▸ TASK STATEMENT: Your answer must be the exact lines below, starting with the line with "Sofisticirano, a sproščeno: ta" and going on through the line with "Robot Pâtissier Masterchef", both included, with no pictures.

-------- DATASET EXTRACT

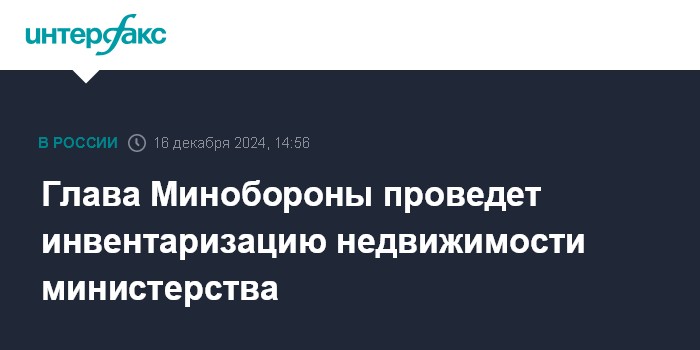 Москва. 16 декабря. INTERFAX.RU - Министр обороны Андрей Белоусов сообщил о планах провести инвентаризацию и создать систему учета объектов недвижимости, находящихся в составе имущественного комплекса ведомства. Он заявил об этом на расширенной коллегии министерства.
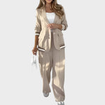 Sofisticirano, a sproščeno: ta 2-delni komplet združuje strukturiran sako z enorednim zapenjanjem in rokavi do polovice podlakti ter sproščene, široke hlače. Kontrastne športne črte na rokavih in hlačah dajejo sodoben "athleisure" pridih, medtem ko praktični žepi in prijetna, rahlo raztegljiva tkanina zagotavljajo udobje ves dan. Izgleda enako močno z supergami kot tudi s petami — od pisarne do vikend kave.
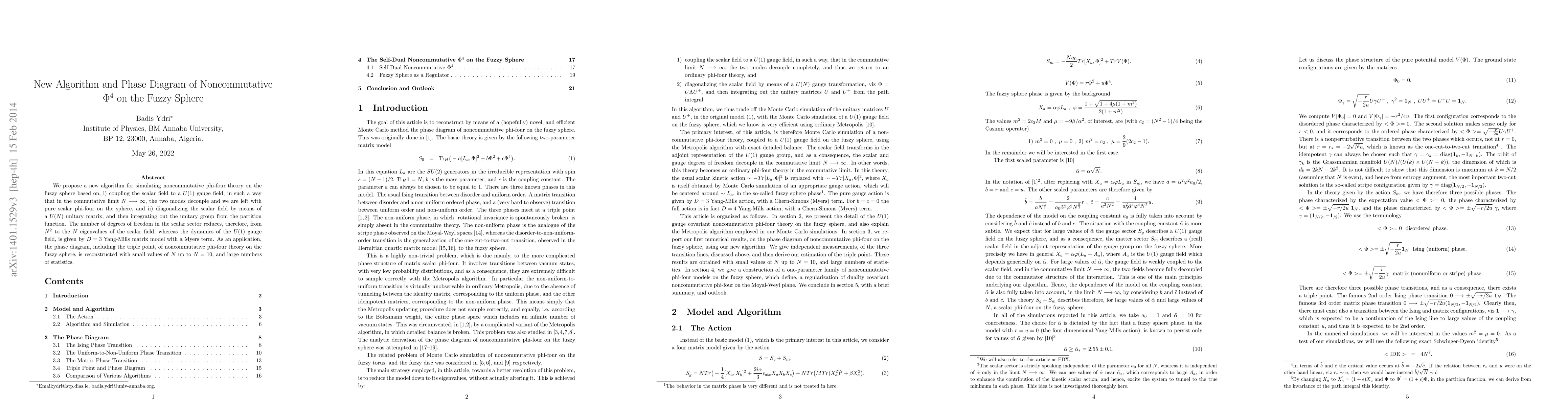 The paper introduces a novel algorithm for simulating noncommutative phi-four theory on a fuzzy sphere by coupling a scalar field to a U(1) gauge field and integrating out the U(N) unitary group. The resulting phase diagram includes a triple point, derived with simulations up to N=10.
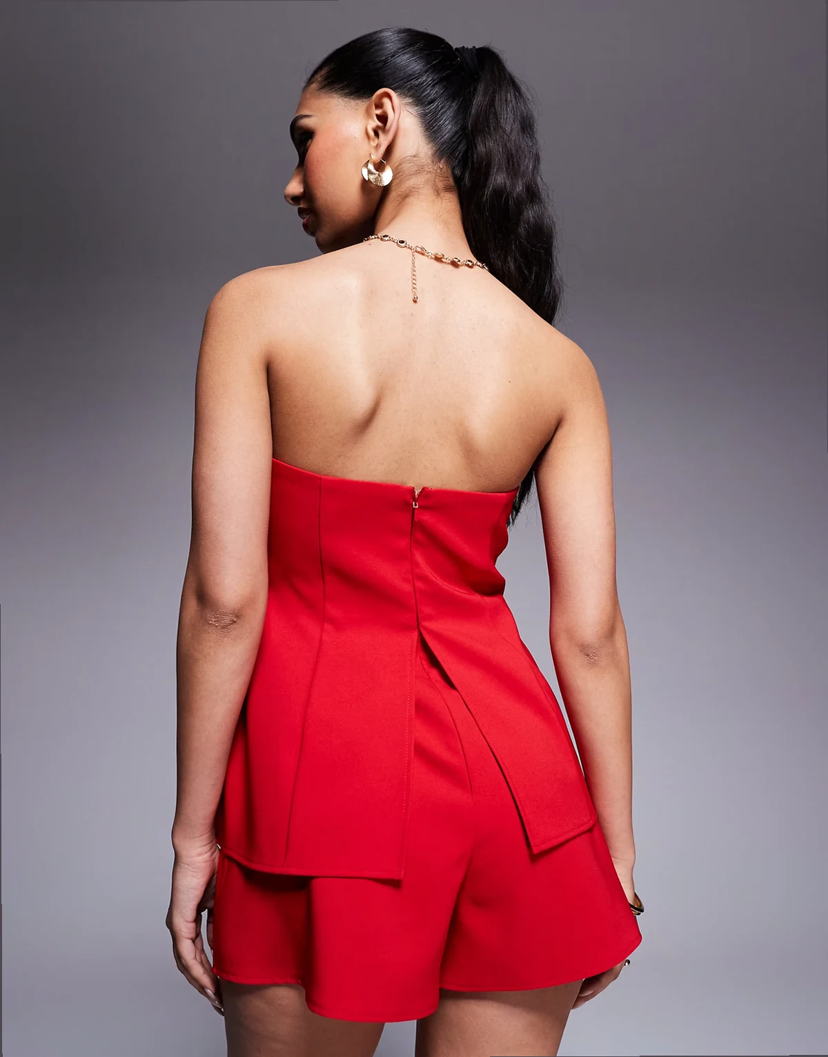 – Czerwony dwuwarstwowy profilowany krótki kombinezon bandeau
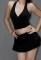 (Black)2024 Styles Women Backless Lace-Up Halter Top and Mini Skirt Set with Ruffled DetailSKU: #CF88300-2
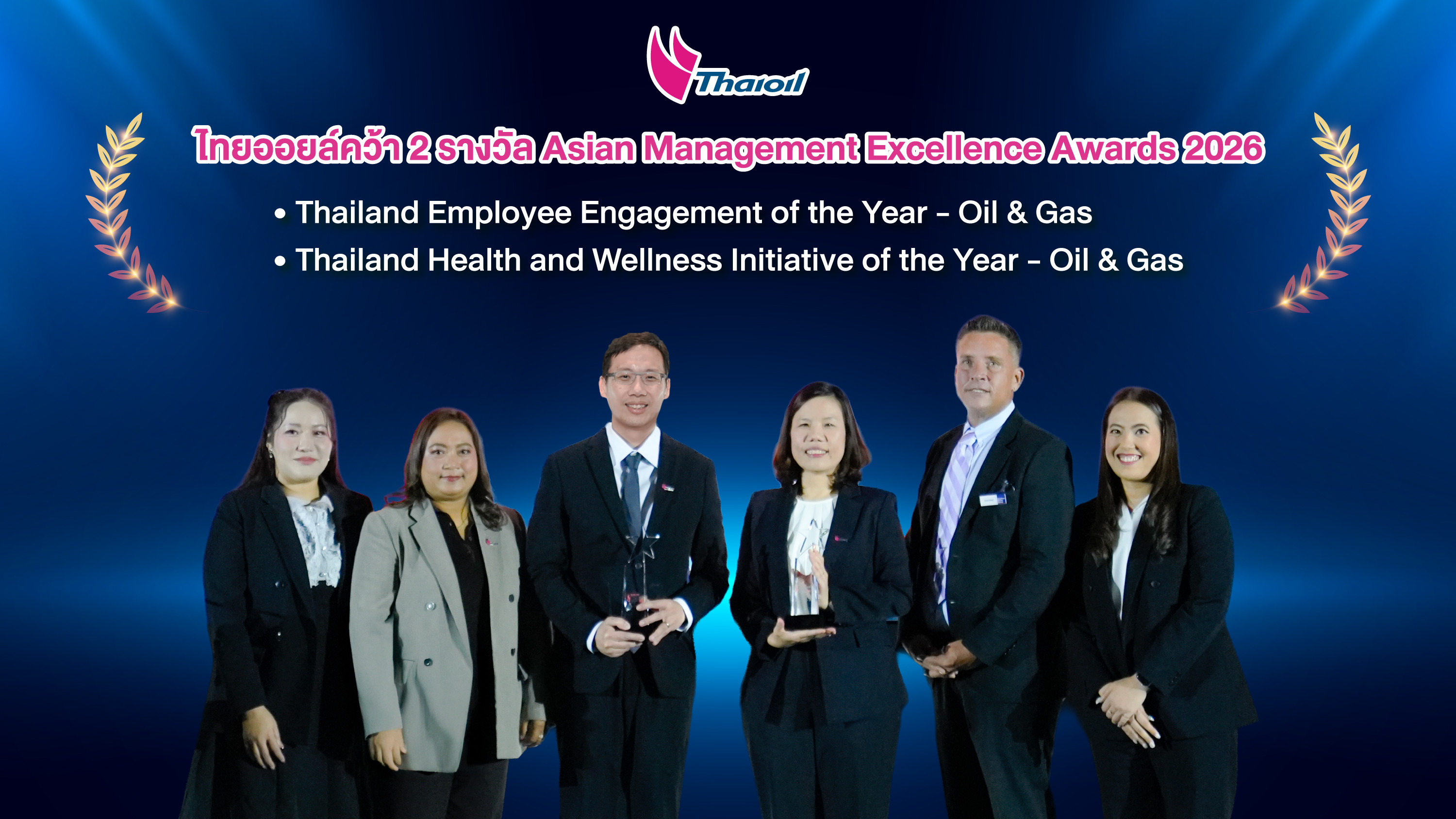 เมื่อเร็วๆ นี้ บริษัท ไทยออยล์ จำกัด (มหาชน) โดย คุณณัฐพล มีฤทธิ์ รองกรรมการผู้จัดการใหญ่-ด้านบริหารศักยภาพองค์กร พร้อมด้วย คุณจิดาภา สุนทรารัตน์พงษ์ ผู้จัดการฝ่ายบริหารจัดการทรัพยากรบุคคลและองค์กร เป็นผู้แทนบริษัทฯ เข้ารับรางวัล Asian Management Excellence Awards 2026
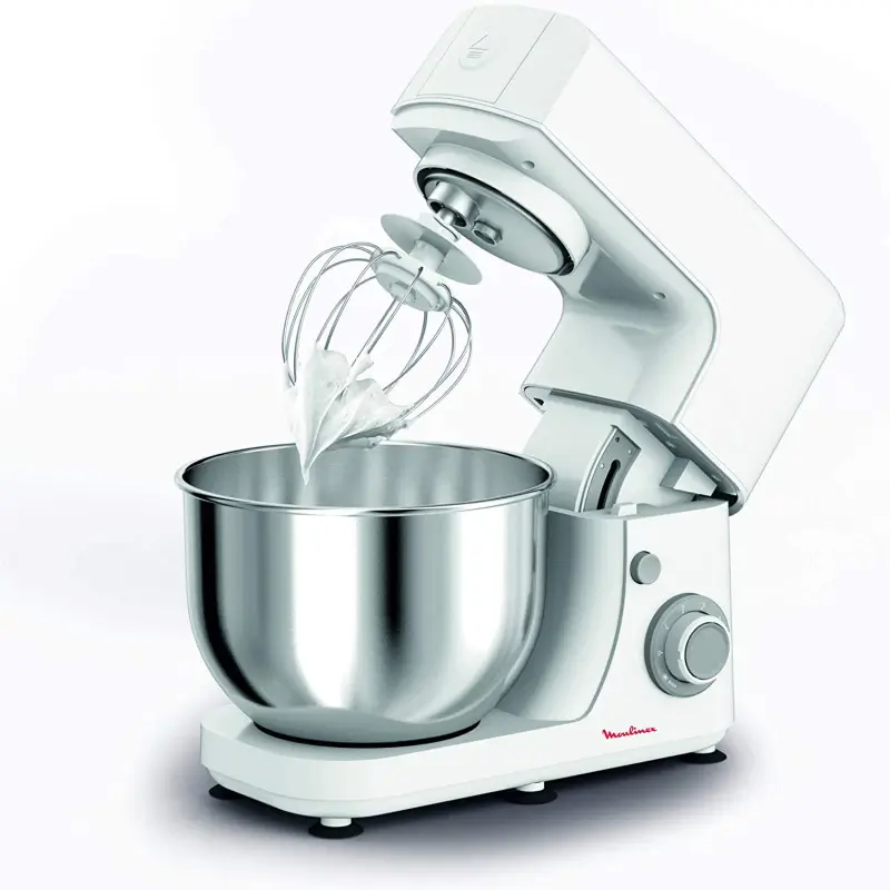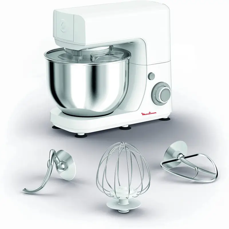 Robot Pâtissier Masterchef MOULINEX – Puissance 800 watts – capacité du bol: 4.8 litres – bol en acier inoxydable – 6 vitesses + pulse – Fonctionnalités: batteur, Fouet – Design robuste – Couleur Blanc – Garantie 1 an
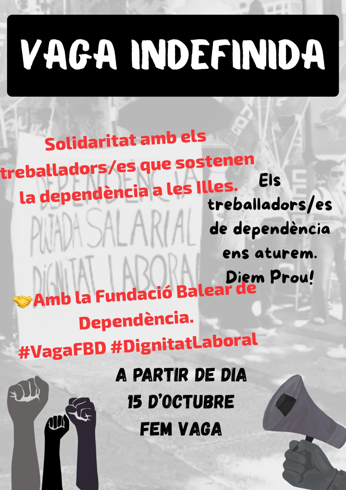 Convocadas concentraciones cada día, de lunes a viernes, a partir de este 15 de octubre, de 11.00 a 12.00 horas, ante la Conselleria de Familia, Bienestar Social y Atención a la Dependencia en Palma.
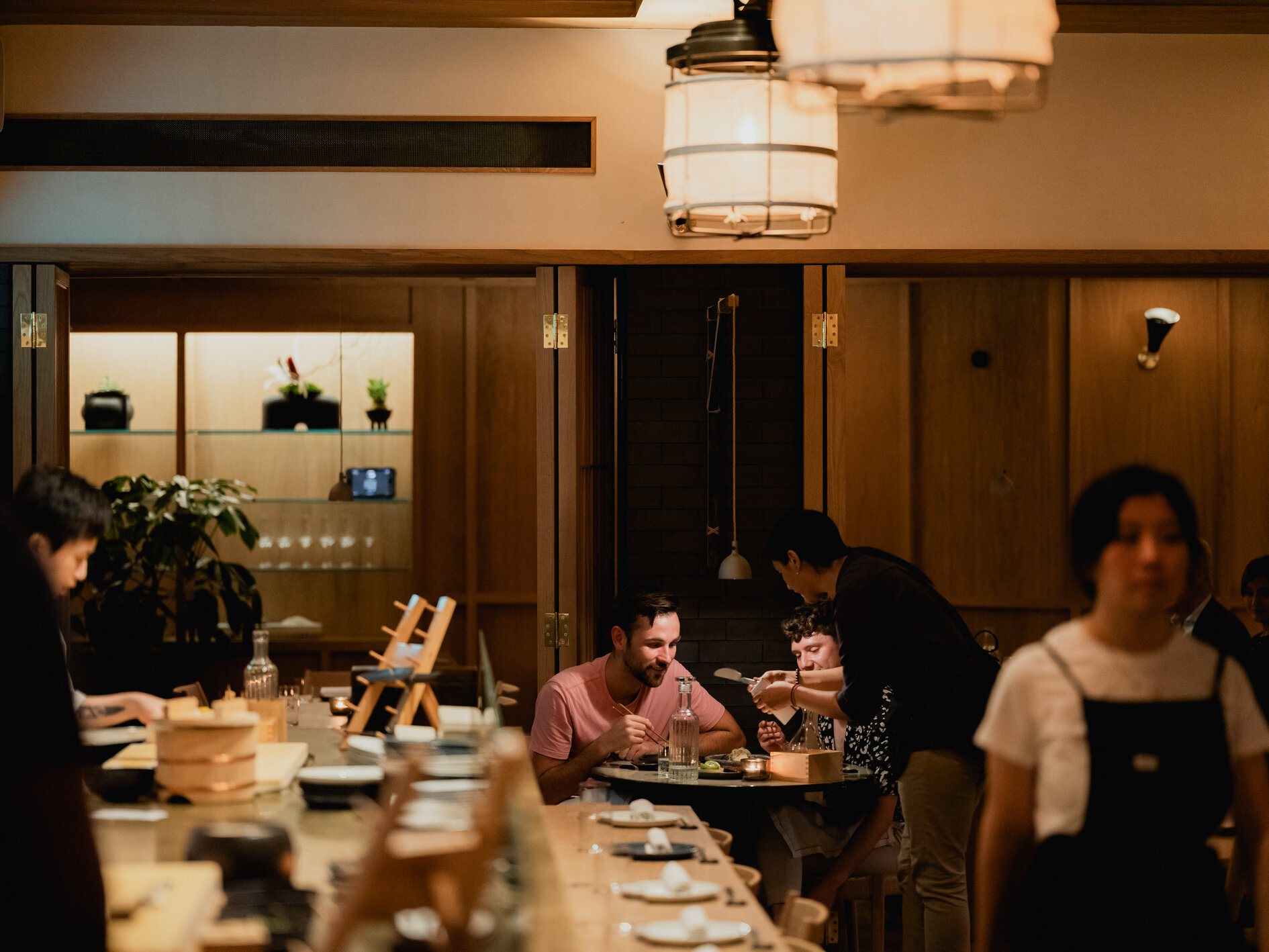 The strikingly designed open dining room is complemented by a sushi counter, hidden b...
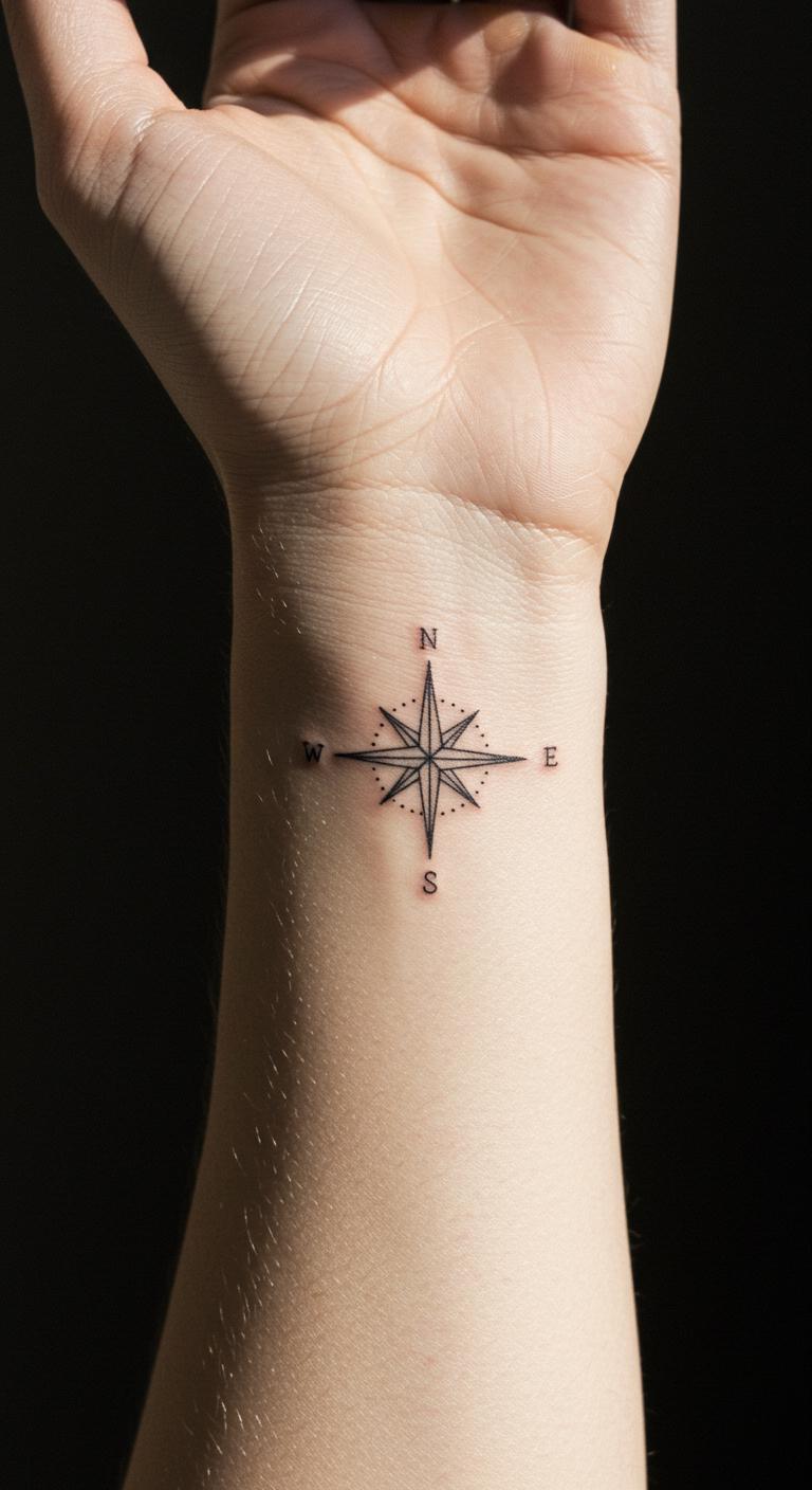 Picture a small compass on your wrist for everyday guidance. This design uses just a few fine lines to form a circle with points. Easy to cover at work, it fits under a watch. Start by sketching the shape on paper with a pen to see how it looks. Keep costs low—many artists charge $50 to $100 for something this size. Go to a local shop during off-peak hours for deals. Add a personal twist, like making one point bolder. This spot heals fast, usually in two weeks. Try drawing it with henna first to test the feel. Keep it black ink for that timeless look.
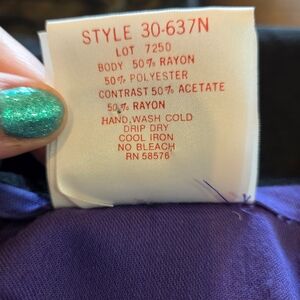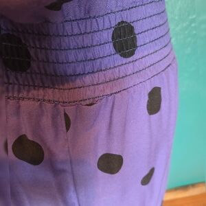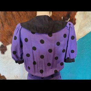 Step out in style with this elegant purple dress featuring bold black polka dots and bow . Perfect for any occasion. Has been well loved. The fabric has normal wear from being washed. Has been repaired on the waist in the back. Has shoulder pads
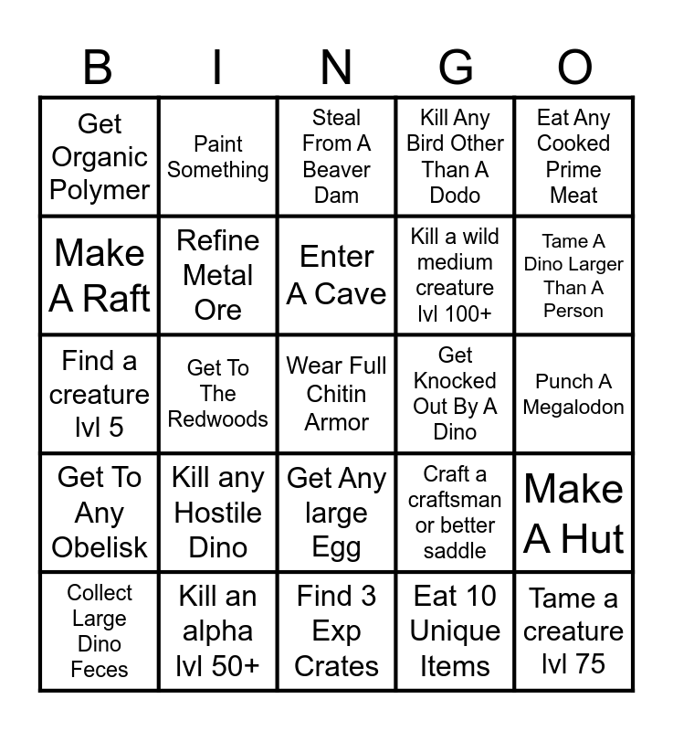 This bingo card has 37 words: Get 100 of any Berry, Get Oil, Trap A Wild Dino In A Pen, Refine Metal Ore, Make A Hut, Kill any Hostile Dino, Enter A Cave, Harvest a Body That You Didn't Kill, Eat Any Cooked Prime Meat, Tame a Dodo, Get To The Redwoods, Kill Any Bird Other Than A Dodo, Wear Full Chitin Armor, Punch A Megalodon, Make A Raft, Get To Any Obelisk, Fire A Flare Gun, Steal From A Beaver Dam, Get Any large Egg, Get Knocked Out By A Dino, Get Organic Polymer, Tame A Dino Larger Than A Person, Collect Large Dino Feces, Find 3 Exp Crates, Loot A Supply Drop, Eat 10 Unique Items, Paint Something, Die to a giganotosaurus, Find a red drop with a ring, Kill a dodo, Kill a carno with a pteranodon, Kill an alpha lvl 50+, Find a creature lvl 5, Tame a creature lvl 75, Craft a craftsman or better saddle, Kill a wild medium creature lvl 100+ and Tame and kill a dino.

----------------

▸ ANSWER TO THIS TASK:
 Sofisticirano, a sproščeno: ta 2-delni komplet združuje strukturiran sako z enorednim zapenjanjem in rokavi do polovice podlakti ter sproščene, široke hlače. Kontrastne športne črte na rokavih in hlačah dajejo sodoben "athleisure" pridih, medtem ko praktični žepi in prijetna, rahlo raztegljiva tkanina zagotavljajo udobje ves dan. Izgleda enako močno z supergami kot tudi s petami — od pisarne do vikend kave.
 The paper introduces a novel algorithm for simulating noncommutative phi-four theory on a fuzzy sphere by coupling a scalar field to a U(1) gauge field and integrating out the U(N) unitary group. The resulting phase diagram includes a triple point, derived with simulations up to N=10.
 – Czerwony dwuwarstwowy profilowany krótki kombinezon bandeau
 (Black)2024 Styles Women Backless Lace-Up Halter Top and Mini Skirt Set with Ruffled DetailSKU: #CF88300-2
 เมื่อเร็วๆ นี้ บริษัท ไทยออยล์ จำกัด (มหาชน) โดย คุณณัฐพล มีฤทธิ์ รองกรรมการผู้จัดการใหญ่-ด้านบริหารศักยภาพองค์กร พร้อมด้วย คุณจิดาภา สุนทรารัตน์พงษ์ ผู้จัดการฝ่ายบริหารจัดการทรัพยากรบุคคลและองค์กร เป็นผู้แทนบริษัทฯ เข้ารับรางวัล Asian Management Excellence Awards 2026
 Robot Pâtissier Masterchef MOULINEX – Puissance 800 watts – capacité du bol: 4.8 litres – bol en acier inoxydable – 6 vitesses + pulse – Fonctionnalités: batteur, Fouet – Design robuste – Couleur Blanc – Garantie 1 an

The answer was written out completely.